## Exercise description
Transcribe the listing below exactly, from its first line through the line with "1/17-18大阪ジュニア水泳競技大会". Omit the pictures.

## Records for this exercise

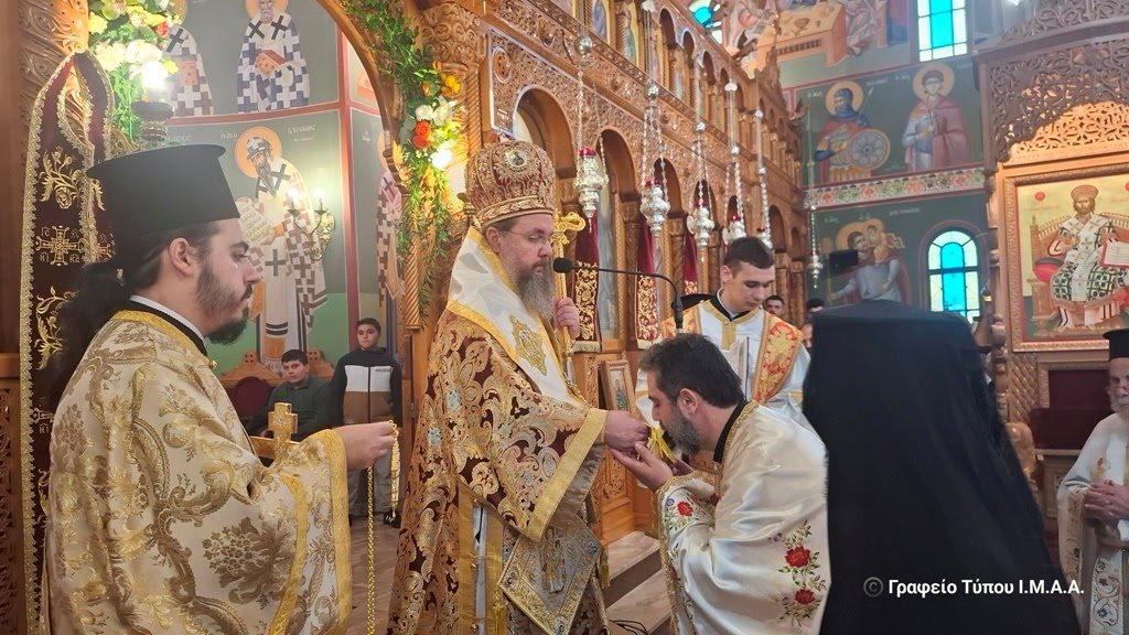 Ο Σεβασμιώτατος απένειμε το οφφίκιο του Πρωτοπρεσβυτέρου στον π. Αναστάσιο Αυγέρη, Εφημέριο του Ιερού Ναού, ευχόμενος να συνεχίσει την διακονία του με σύνεση και υπακοή στην Εκκλησία και στον Επίσκοπό του και να του υπενθυμίζει ο Τίμιος Σταυρός, ότι η ιερατική ζωή είναι κένωση και θυσία υπέρ των αδελφών μας.
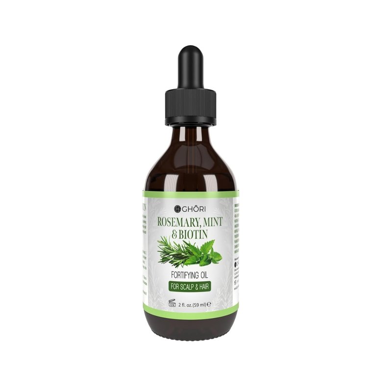 - Ghori Rosemary, Mint & Biotin Oil is a unique formula for hair contains natural ingredients known to promote strong hair. The key ingredients in this oil are Rosemary and Mint, which work together to stimulate blood circulation to the scalp and improve the overall health of your hair.
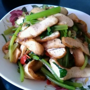 加芹菜炒,加蒸鱼豉油,盐,调味
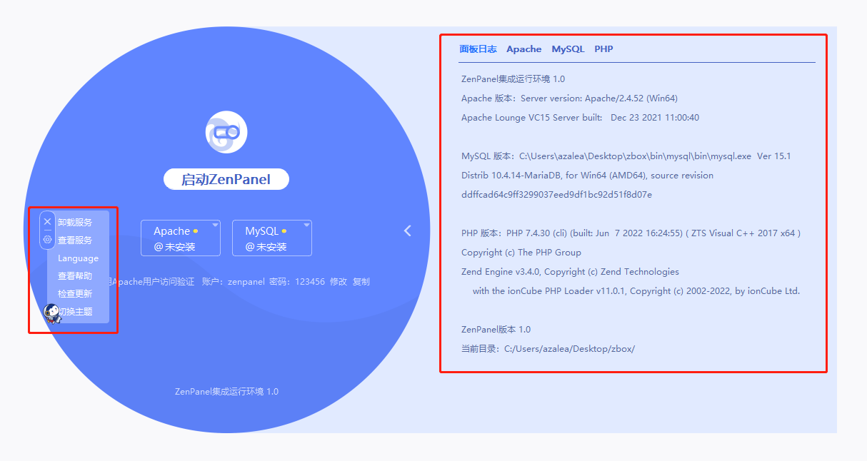 - 2. ZenPanel集成运行环境使用说明
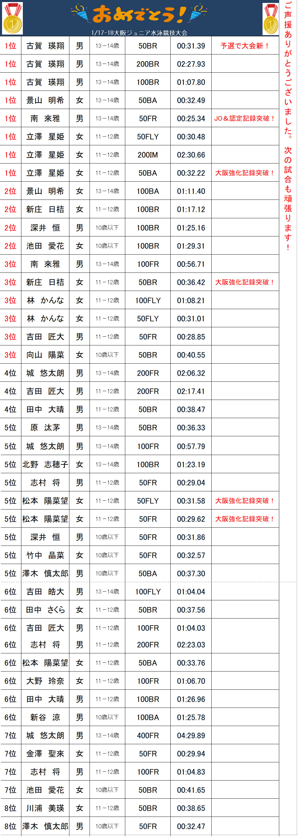 1/17-18大阪ジュニア水泳競技大会
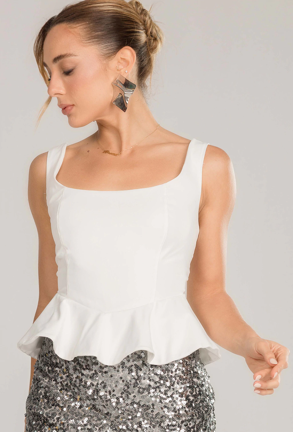 Blusa confeccionada em alfaiataria de toque macio, com decote quadrado elegante e recortes estratégicos no busto, que valorizam a silhueta. Possui peplum na barra, conferindo sofisticação e caimento impecável. Uma peça moderna e estruturada, perfeita para produções formais ou looks elegantes do dia a dia.
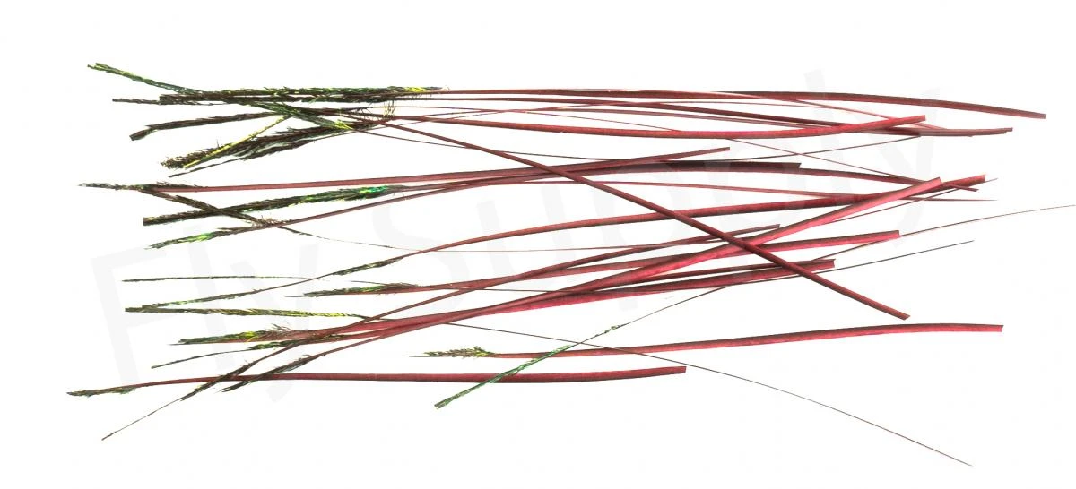 The quill comes from peacock eyes and is hand stripped, which eliminates the problems of cracking as when bleached or chemically stripped.
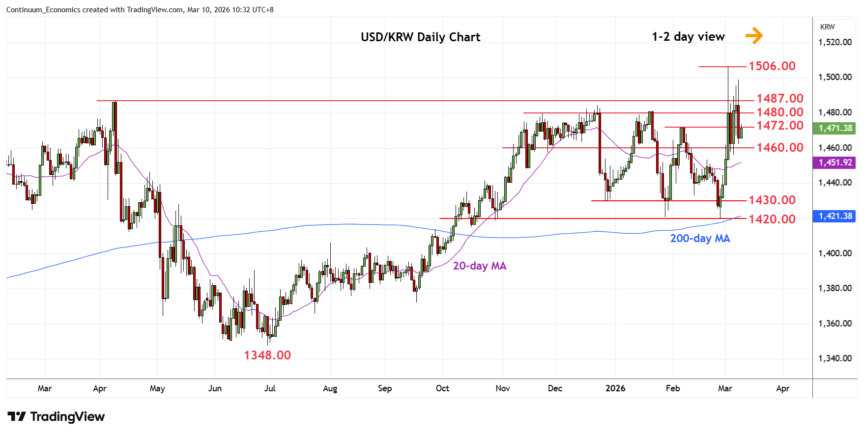 Chart USD/KRW Update: Back in choppy trade within 1487.00/1460.00 area
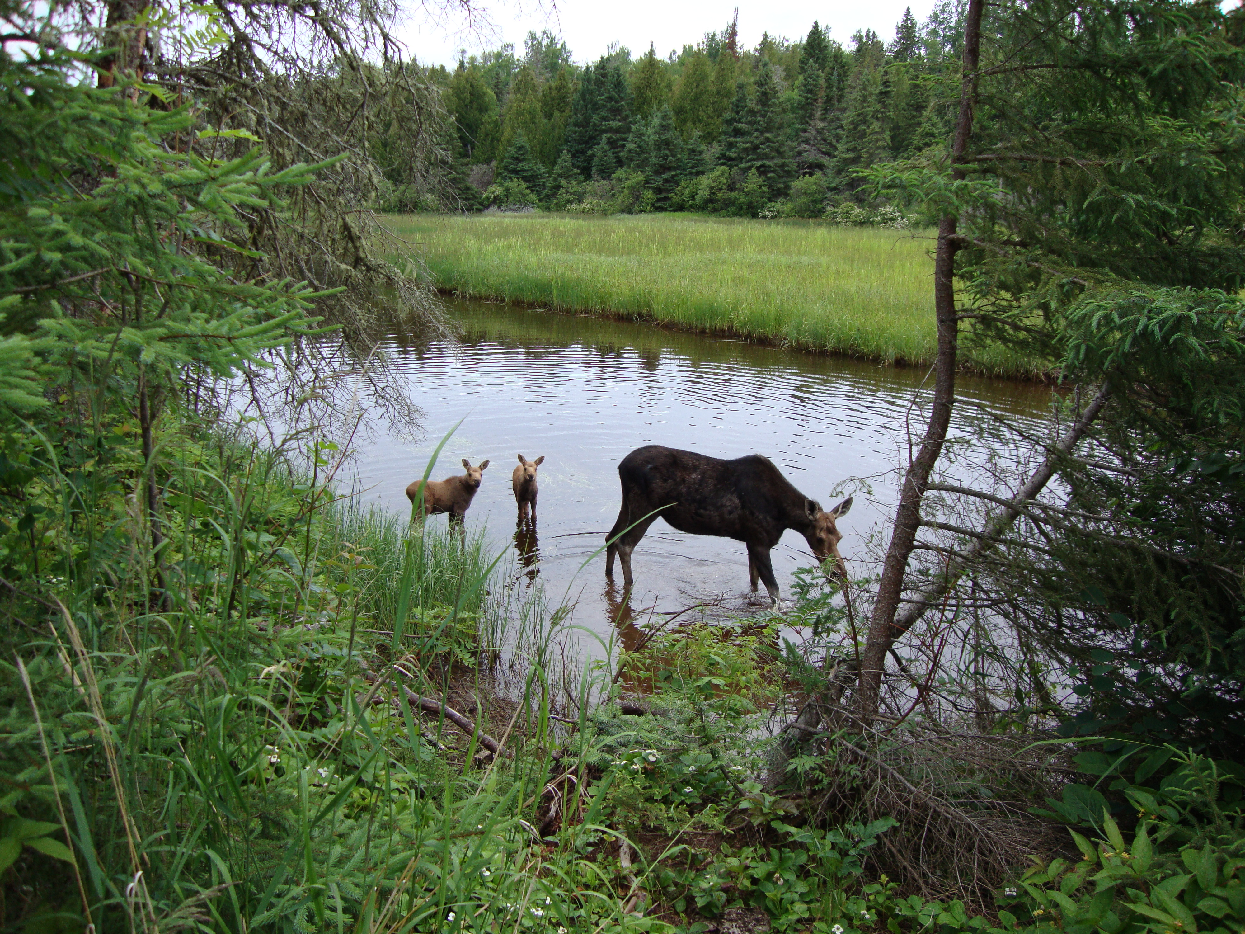 I am posting two pictures taken of the same area, but seven years apart. The one on top was taken June of 2016 and the one on the bottom was taken June of 2010. It is facing approximately NW. It is probably too easy but you have to like moose, especially when they wake you up while eating "salad."

## Exercise output
 Ο Σεβασμιώτατος απένειμε το οφφίκιο του Πρωτοπρεσβυτέρου στον π. Αναστάσιο Αυγέρη, Εφημέριο του Ιερού Ναού, ευχόμενος να συνεχίσει την διακονία του με σύνεση και υπακοή στην Εκκλησία και στον Επίσκοπό του και να του υπενθυμίζει ο Τίμιος Σταυρός, ότι η ιερατική ζωή είναι κένωση και θυσία υπέρ των αδελφών μας.
 - Ghori Rosemary, Mint & Biotin Oil is a unique formula for hair contains natural ingredients known to promote strong hair. The key ingredients in this oil are Rosemary and Mint, which work together to stimulate blood circulation to the scalp and improve the overall health of your hair.
 加芹菜炒,加蒸鱼豉油,盐,调味
 - 2. ZenPanel集成运行环境使用说明
 1/17-18大阪ジュニア水泳競技大会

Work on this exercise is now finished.